Train the model based on the data split

history = model.fit(
    x=x_train,
    y=y_train,
    batch_size=64,
    epochs=5,
    verbose=1,
    validation_data=(x_val, y_val),
)


# Epoch 1/5
# 1418/1418 [==============================] - 6s 4ms/step - loss: 0.6368 - val_loss: 0.6206
# Epoch 2/5
# 1418/1418 [==============================] - 7s 5ms/step - loss: 0.6131 - val_loss: 0.6176
# Epoch 3/5
# 1418/1418 [==============================] - 6s 4ms/step - loss: 0.6083 - val_loss: 0.6146
# Epoch 4/5
# # 1418/1418 [==============================] - 6s 4ms/step - loss: 0.6072 - val_loss: 0.6131
# Epoch 5/5
# 1418/1418 [==============================] - 6s 4ms/step - loss: 0.6075 - val_loss: 0.6150

 

training and validation loss 시각화

plt.plot(history.history["loss"])
plt.plot(history.history["val_loss"])
plt.title("model loss")
plt.ylabel("loss")
plt.xlabel("epoch")
plt.legend(["train", "test"], loc="upper left")
plt.show()

 

예상 평점 상위 10개 영화 확인해보기

# Show top 10 movie recommendations to a user

movie_df = pd.read_csv(movielens_dir / "movies.csv")

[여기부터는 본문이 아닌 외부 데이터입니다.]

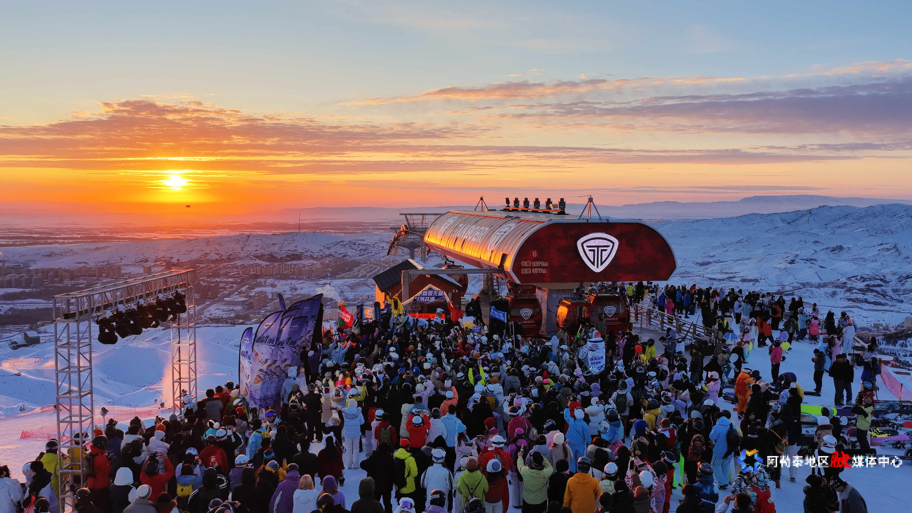 活动现场,将军山山顶人声鼎沸。身着色彩鲜亮滑雪服的雪友们陆续汇聚,有的在观景平台抢占最佳机位,有的随着动感音乐提前热场。夕阳“蓝调时刻”的绝美光影让现场游客纷纷举起手机定格瞬间。

# Let us get a user and see the top recommendations.
user_id = df.userId.sample(1).iloc[0]
movies_watched_by_user = df[df.userId == user_id]
movies_not_watched = movie_df[
    ~movie_df["movieId"].isin(movies_watched_by_user.movieId.values)
]["movieId"]
movies_not_watched = list(
    set(movies_not_watched).intersection(set(movie2movie_encoded.keys()))
)
movies_not_watched = [[movie2movie_encoded.get(x)] for x in movies_not_watched]
user_encoder = user2user_encoded.get(user_id)
user_movie_array = np.hstack(
    ([[user_encoder]] * len(movies_not_watched), movies_not_watched)
)
ratings = model.predict(user_movie_array).flatten()
top_ratings_indices = ratings.argsort()[-10:][::-1]
recommended_movie_ids = [
    movie_encoded2movie.get(movies_not_watched[x][0]) for x in top_ratings_indices
]

print("Showing recommendations for user: {}".format(user_id))
print("====" * 9)
print("Movies with high ratings from user")
print("----" * 8)
top_movies_user = (
    movies_watched_by_user.sort_values(by="rating", ascending=False)
    .head(5)
    .movieId.values
)
movie_df_rows = movie_df[movie_df["movieId"].isin(top_movies_user)]
for row in movie_df_rows.itertuples():
    print(row.title, ":", row.genres)

print("----" * 8)
print("Top 10 movie recommendations")
print("----" * 8)
recommended_movies = movie_df[movie_df["movieId"].isin(recommended_movie_ids)]
for row in recommended_movies.itertuples():
    print(row.title, ":", row.genres)
    
    
# Showing recommendations for user: 474
# ====================================
# Movies with high ratings from user
# --------------------------------
# Fugitive, The (1993) : Thriller
# Remains of the Day, The (1993) : Drama|Romance
# West Side Story (1961) : Drama|Musical|Romance
# X2: X-Men United (2003) : Action|Adventure|Sci-Fi|Thriller
# Spider-Man 2 (2004) : Action|Adventure|Sci-Fi|IMAX
# --------------------------------
# Top 10 movie recommendations
# --------------------------------
# Dazed and Confused (1993) : Comedy
# Ghost in the Shell (Kôkaku kidôtai) (1995) : Animation|Sci-Fi
# Drugstore Cowboy (1989) : Crime|Drama
# Road Warrior, The (Mad Max 2) (1981) : Action|Adventure|Sci-Fi|Thriller
# Dark Knight, The (2008) : Action|Crime|Drama|IMAX
# Inglourious Basterds (2009) : Action|Drama|War
# Up (2009) : Adventure|Animation|Children|Drama
# Dark Knight Rises, The (2012) : Action|Adventure|Crime|IMAX
# Star Wars: Episode VII - The Force Awakens (2015) : Action|Adventure|Fantasy|Sci-Fi|IMAX
# Thor: Ragnarok (2017) : Action|Adventure|Sci-Fi